A typical regular expression can be like the following:

^http(s)?://www\.thisdomain\.com(/|$)

That will permit http://www.thisdomain.com, http://www.thisdomain.com/, https://www.thisdomain.com/index.html, and any path on that web server, though it won't permit http://thisdomain.com/ as it requires the "www." at the beginning. If you want to make the "www." optional, then the following should work:

^http(s)?://(www\.)?thisdomain\.com(/|$)

It's mostly a matter of putting the optional parts in () and having a ? after the ) to have it match against zero or one instance of the contents in the (). It's good to begin the URL matching regular expressions with ^ to prevent a URL such as http://malicious.web.site.com/https://www.thisdomain.com/ from working. The (/|$) at the end tells the regular expression matcher that either a / must appear after www.thisdomain.com or www.thisdomain.com must be the end of the URL (the $ matches against the end of the URL). The | is used as an "or" operation. It's important to use the period carefully and, if you want to match against a period in microsoft.com, as an example, escape it with a backslash so that it's microsoft\.com. The period matches against any character in regular expressions, so if you have something like ^http://www.microsoft.com(/%7C$), then it will also let in sites such as http://wwwwmicrosoft.com or http://www-microsoft.com/

The regular expression library that IE URL Lock is using has issues with .* when the period is not enclosed in parentheses. That is, (.)* works, but .* does not.

When specifying the host name, periods should be escaped with a backslash or else a substitute character could be used in place of the period to possibly access another web site. Instead of "http(s)://www.website.com/.*", it should be "http(s)?://www\.website\.com/(.)*". I put a ? after the (s) so that http can work, though if you only want to allow https, then "https://www\.website\.com/(.)*" should also work.

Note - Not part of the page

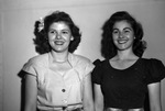 Knights of Columbus Pioneer Carnival queen contestants, Jo Marie Imber (left) and Myrtle Reynolds. The young women are standing against a blank wall, looking slightly to the left. Miss Imber is wearing a dress with a v neckline, a pearl necklace, and has a flower in her hair. Miss Reynolds is wearing a dark blouse and a skirt.

For the slash after the web site, another trick can be used to allow "https://www.website.com" in addition to "https://www.website.com/". To do that, it's possible to use "^http(s)?://www\.website\.com(/|$)", which does several things. The ^ at the beginning ensures that the beginning of the URL is matched, and the (/|$) at the end will match when the URL ends with website.com or when a / exists. When a / exists, it doesn't care what follows, which is similar to the desired effect of (.)* at the end.

If you are trying to access website.com without the www, then you will need to construct the regular expression as ^http(s)?://(www\.)?website\.com(/|$). If there are other servers in website.com besides www that you want to provide access to, then you can either list them with | between them, such as ^http(s)?://((www|anotherserver|ftp|one\.with\.a\.subdomain)\.)?website\.com(/|$), or allow a blanket with ^http(s)?://(([-a-zA-Z0-9])+\.)*website\.com(/|$), which ensures that each subdomain component and the server name contain at least one character and are separated by exactly one period. The latter also allows website.com without the www or subdomain.